Google is preparing to launch a web-based storage service called "Google Drive," - lnxkrnl
http://www.businessinsider.com/google-drive-2011-9?utm_source=feedburner&utm_medium=feed&utm_campaign=Feed%3A+typepad%2Falleyinsider%2Fsilicon_alley_insider+%28Silicon+Alley+Insider%29

======
mattadams
I really feel for all of the smaller file sharing vendors right now. I
remember what I felt like reading about the so-called GDrive back in 2009 when
I was experimenting with building my own file sharing service.

Mind you, the market for file sharing is already very competitive.

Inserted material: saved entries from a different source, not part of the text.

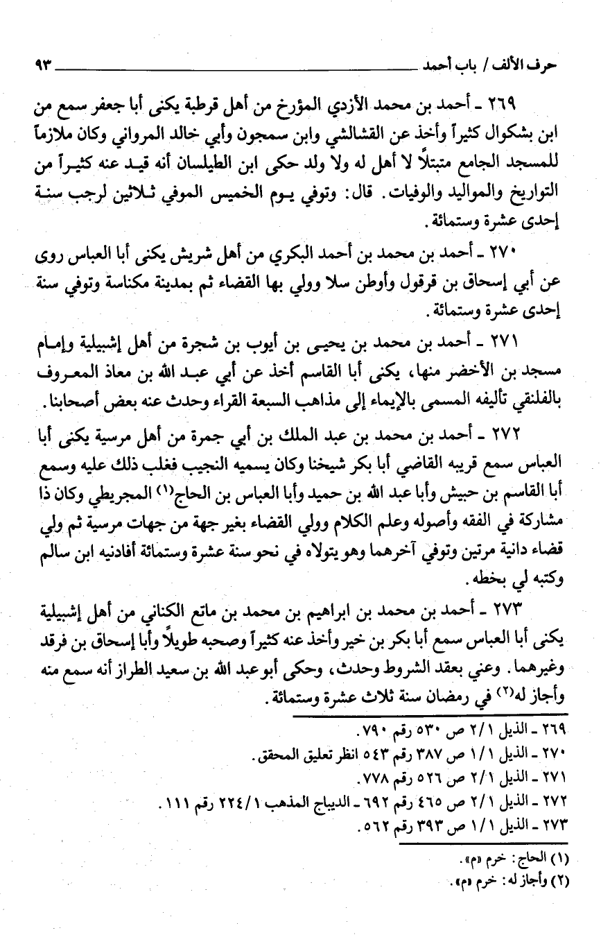 269 - أَحْمَد بْن مُحَمَّد الْأَزْدِيّ المؤرخ من أَهْلَ قرطبة يكنى أَبَا جَعْفَر سَمِعَ من ابْن بشكوال كثيرا وَأخذ عَنِ القشالشي وَابْن سمجون وَأبي خَالِد المرواني وَكَانَ ملازمًا لِلْمَسْجِدِ الْجَامِع متبتلاً لَا أَهْلَ لَهُ وَلَا وُلِدَ حكى ابْن الطيلسان أَنَّهُ قيد عَنْهُ كثيرا من التواريخ والمواليد والوفيات قَالَ وَتُوفِّي يَوْمَ الْخَمِيس الموفي ثَلَاثِينَ لرجب سنة إِحْدَى عشرَة وستّمائة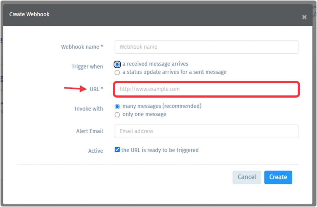 8. Paste the webhook URL to the URL field.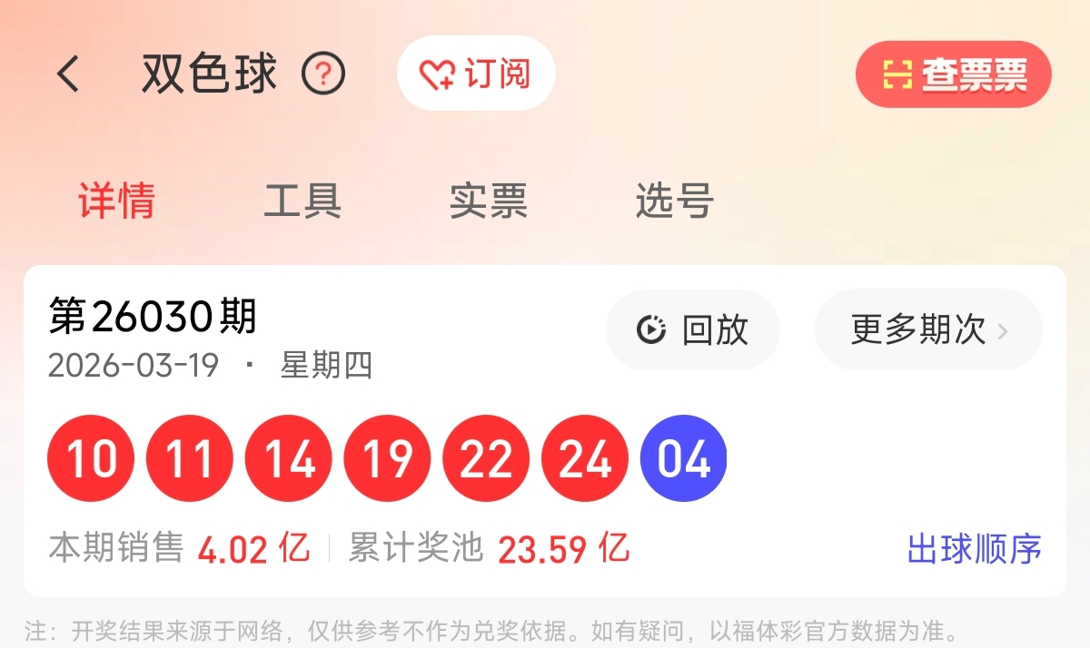 首先让我们回顾一下上期双色球26030期的开奖号码为10、11、14、19、22、24,蓝球04。和值100,跨度14,区间比为2:3:1,奇偶比为2:4。

It's
possible that others might be able to retain their edge by staying small and
focusing on the things that have attracted existing users (or by pivoting
appropriately) but I have to wonder how they'll remain profitable when pitted
against Google's massive delivery platform.

------
itg
I'm a bit hesitant to having one company have access to so much of my info. I
started slowly moving away from Google products.

------
techhome
Really an interesting topic and news. Google Docs is little bit confuisng and
difficult. Let us hope this Google Drive is simple. As I could understsnd the
drag and drop facility will be more easier than the conventional one.

------
Jun8
I remember seeing this in the Dropbox YC application as a possible risk (this
is online somewhere, cannot remember the link now). It's interesting that it
took Google this long to offer this, seems like a no brainer.

------
argeron
Dropbox is so simple and affordable, why use anything else?

Besides, Google is creeping me out with the "targeted ads" thing.

------
Aspirina
What the big deal about it? What about Amazon Cloud, Apple, Dropbox? They come
late.